(Dataset excerpts)
_ _ _ _
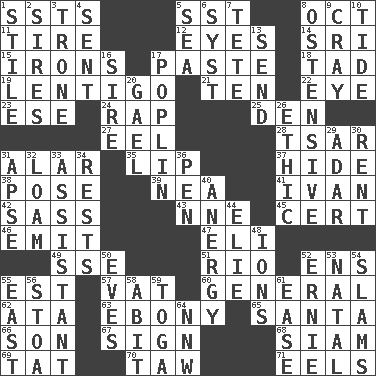 ACROSS 1. Fast planes 5. Fast jet (abbr.) 8. Sep. follower 11. Hoop that covers a wheel 12. Snake ____ (dice throw) 14. Indian title of respect (Mr.) 15. Removes the wrinkles 17. Thick mixture 18. Small boy 19. Small, flat, pigmented spot on the skin 21. Nine, plus one 22. Sight organ 23. Compass dir. 24. Reproach for some lapse or misdeed 25. Lair 27. Snakelike fish 28. Russian ruler of old 31. Having or resembling wings 35. Mouth edge 37. Flintstone garb 38. Airs 39. Teachers' org. 41. "Terrible" tsar 42. Backtalk 43. Compass dir. 45. Sure thing 46. Give off 47. Connecticut Ivy Leaguer 49. Compass dir. 51. _ de Janeiro 52. Followers of ems 55. Eastern Standard Time (abbr.) 57. Large container 60. Commissioned military rank 62. "One Day ___ Time" 63. Black 65. Before Barbara or Clara 66. Male offspring 67. Public display of a written message 68. Thailand, formerly 69. Make lace 70. The 23rd letter of the Hebrew alphabet 71. Snakelike fish DOWN 1. Vertical member of a panel or frame 2. Titles for men of rank and authority 3. Heavy duty weighing machine 4. Transmitted 5. Ocean 6. System (abbr.) 7. False hair 8. Clearly or manifestly demonstrative 9. Supercomputer manufacturer 10. Event that recurs at intervals 13. Transmit 16. Title for a man of rank and authority 17. Cotton for raincoats, e.g. 20. Highlander 26. Value system 29. The sixth month of the Jewish calendar 30. Monthly bill 31. Domed church section 32. Rich soil 33. Helper 34. Musical pauses 36. Animal enclosure 40. Disorder of the immune system 44. Writer Wiesel 48. Charged particles 50. Nights before holidays 52. Bert's buddy 53. Relating to or accompanying birth 54. Shuts with force 55. Compass direction 56. Portico 58. "This won't hurt ____!" 59. Ancient Roman robe 61. Comfort 64. Compass dir.
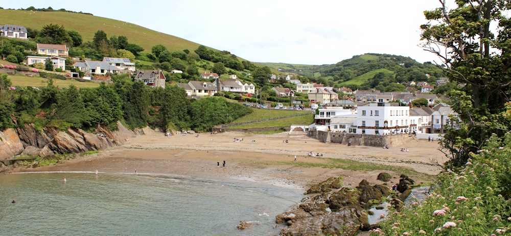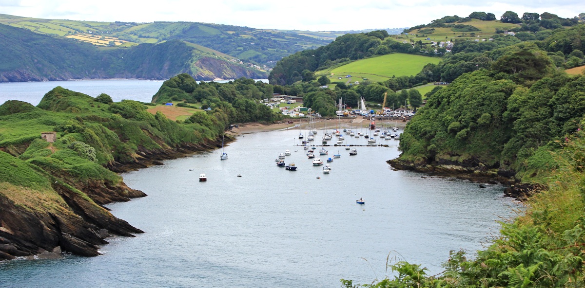 The harbour is full of boats of various sizes and, since the tide is going out, contains a lot of mud. A public footpath leads along the spit of land to the right of the photo below (Sexton’s Burrow), but I am behind schedule and so I stick to the official SW Coast path, and head eastwards.
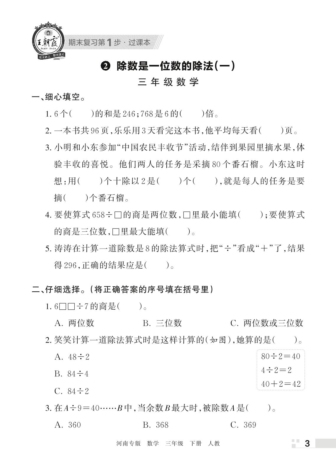 王朝霞期末过课本——2 除数是一位数的除法(一)三年级下册数学(人教版)_R220329160939822
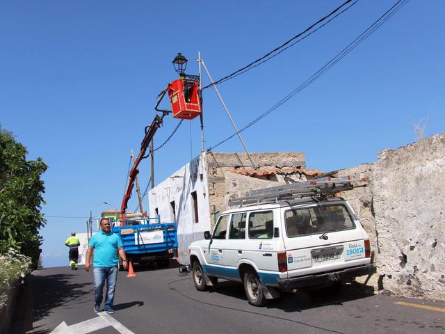 A mediados del pasado mes de abril comenzaron los trabajos de cambio de las luminarias del núcleo isorano de Chío por otras de menor consumo energético que permitirán al Ayuntamiento de Guía de Isora un ahorro del 24% respecto a la factura eléctrica actual. Así lo informa el concejal de Servicios Municipales y Equipamiento, Bruno Domínguez, que explica además que “las nuevas farolas son del llamado modelo Villa, que tienen una estética más acorde a los núcleos rurales con un brazo de aluminio labrado”.
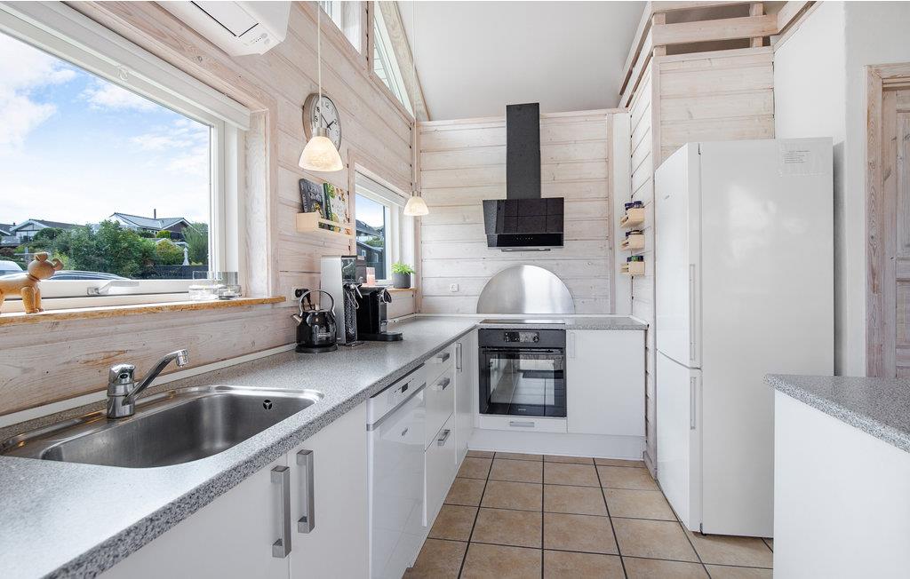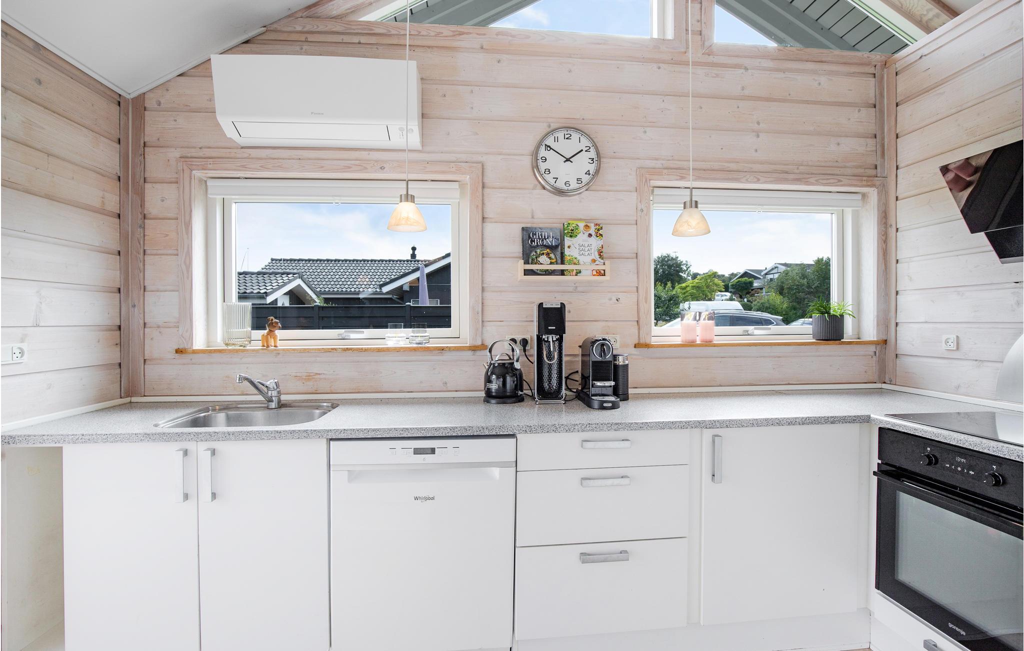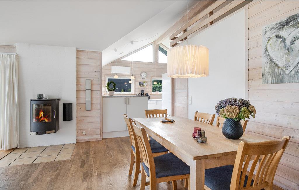 Dette lækre sommerhus fra 2005 er placeret i det naturskønne Grønninghoved. Selve huset er indrettet i lys skandinavisk stil. Husets loft går i kip fra flere sider, hvilket giver nogle smukke vinkler på loftet og et fantasktisk lysindfald fra de store panoramavinduer i stuen. Stue og køkken går ud i et, dog adskilt af en halvmur - stuen er udstyret med en brændeovn, som altid indbyder til hygge, uanset vejret. Gennem de store vinduespartier i stuen har I et smukt kig ud over vandet. Huset indeholder endvidere tre soveværelser og to badeværelser, hvoraf det ene er med spa og adgang til sauna. Til huset hører en stor terrasse, hvorfra I har kig ud over vandet. Haven er anlagt med græs og her er masser af plads til udeliv.
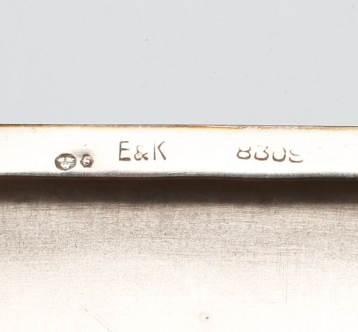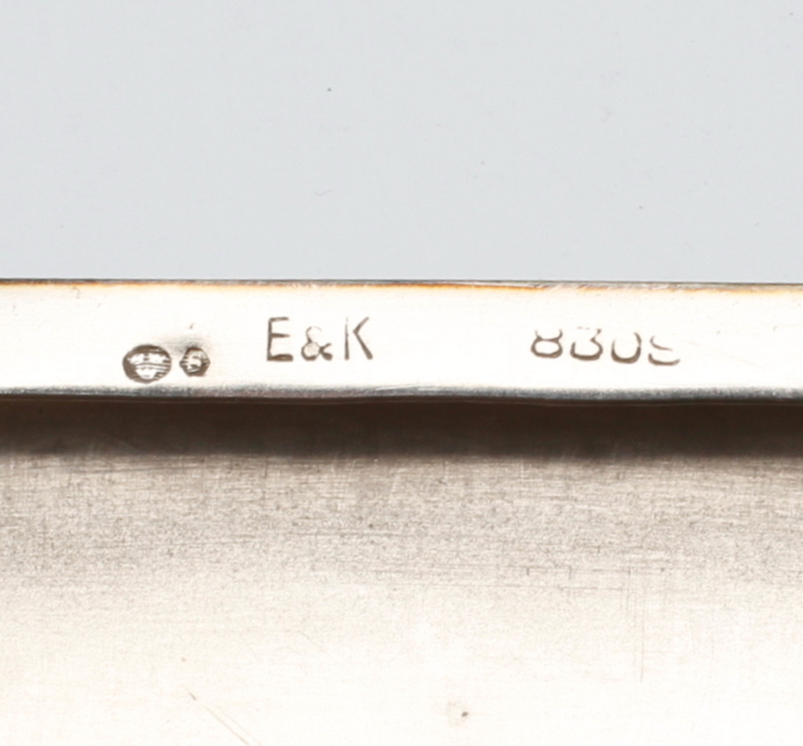 20817. CIGARETETUSKE, sølv, stemplet E&K, vægt 142 gram.
_ _ _ _
◆ ABOUT THIS EXERCISE: Could you copy every record above exactly, leaving out the pictures?

◆ COMPLETED EXERCISE:
 ACROSS 1. Fast planes 5. Fast jet (abbr.) 8. Sep. follower 11. Hoop that covers a wheel 12. Snake ____ (dice throw) 14. Indian title of respect (Mr.) 15. Removes the wrinkles 17. Thick mixture 18. Small boy 19. Small, flat, pigmented spot on the skin 21. Nine, plus one 22. Sight organ 23. Compass dir. 24. Reproach for some lapse or misdeed 25. Lair 27. Snakelike fish 28. Russian ruler of old 31. Having or resembling wings 35. Mouth edge 37. Flintstone garb 38. Airs 39. Teachers' org. 41. "Terrible" tsar 42. Backtalk 43. Compass dir. 45. Sure thing 46. Give off 47. Connecticut Ivy Leaguer 49. Compass dir. 51. _ de Janeiro 52. Followers of ems 55. Eastern Standard Time (abbr.) 57. Large container 60. Commissioned military rank 62. "One Day ___ Time" 63. Black 65. Before Barbara or Clara 66. Male offspring 67. Public display of a written message 68. Thailand, formerly 69. Make lace 70. The 23rd letter of the Hebrew alphabet 71. Snakelike fish DOWN 1. Vertical member of a panel or frame 2. Titles for men of rank and authority 3. Heavy duty weighing machine 4. Transmitted 5. Ocean 6. System (abbr.) 7. False hair 8. Clearly or manifestly demonstrative 9. Supercomputer manufacturer 10. Event that recurs at intervals 13. Transmit 16. Title for a man of rank and authority 17. Cotton for raincoats, e.g. 20. Highlander 26. Value system 29. The sixth month of the Jewish calendar 30. Monthly bill 31. Domed church section 32. Rich soil 33. Helper 34. Musical pauses 36. Animal enclosure 40. Disorder of the immune system 44. Writer Wiesel 48. Charged particles 50. Nights before holidays 52. Bert's buddy 53. Relating to or accompanying birth 54. Shuts with force 55. Compass direction 56. Portico 58. "This won't hurt ____!" 59. Ancient Roman robe 61. Comfort 64. Compass dir.
 The harbour is full of boats of various sizes and, since the tide is going out, contains a lot of mud. A public footpath leads along the spit of land to the right of the photo below (Sexton’s Burrow), but I am behind schedule and so I stick to the official SW Coast path, and head eastwards.
 王朝霞期末过课本——2 除数是一位数的除法(一)三年级下册数学(人教版)_R220329160939822
 A mediados del pasado mes de abril comenzaron los trabajos de cambio de las luminarias del núcleo isorano de Chío por otras de menor consumo energético que permitirán al Ayuntamiento de Guía de Isora un ahorro del 24% respecto a la factura eléctrica actual. Así lo informa el concejal de Servicios Municipales y Equipamiento, Bruno Domínguez, que explica además que “las nuevas farolas son del llamado modelo Villa, que tienen una estética más acorde a los núcleos rurales con un brazo de aluminio labrado”.
 Dette lækre sommerhus fra 2005 er placeret i det naturskønne Grønninghoved. Selve huset er indrettet i lys skandinavisk stil. Husets loft går i kip fra flere sider, hvilket giver nogle smukke vinkler på loftet og et fantasktisk lysindfald fra de store panoramavinduer i stuen. Stue og køkken går ud i et, dog adskilt af en halvmur - stuen er udstyret med en brændeovn, som altid indbyder til hygge, uanset vejret. Gennem de store vinduespartier i stuen har I et smukt kig ud over vandet. Huset indeholder endvidere tre soveværelser og to badeværelser, hvoraf det ene er med spa og adgang til sauna. Til huset hører en stor terrasse, hvorfra I har kig ud over vandet. Haven er anlagt med græs og her er masser af plads til udeliv.
 20817. CIGARETETUSKE, sølv, stemplet E&K, vægt 142 gram.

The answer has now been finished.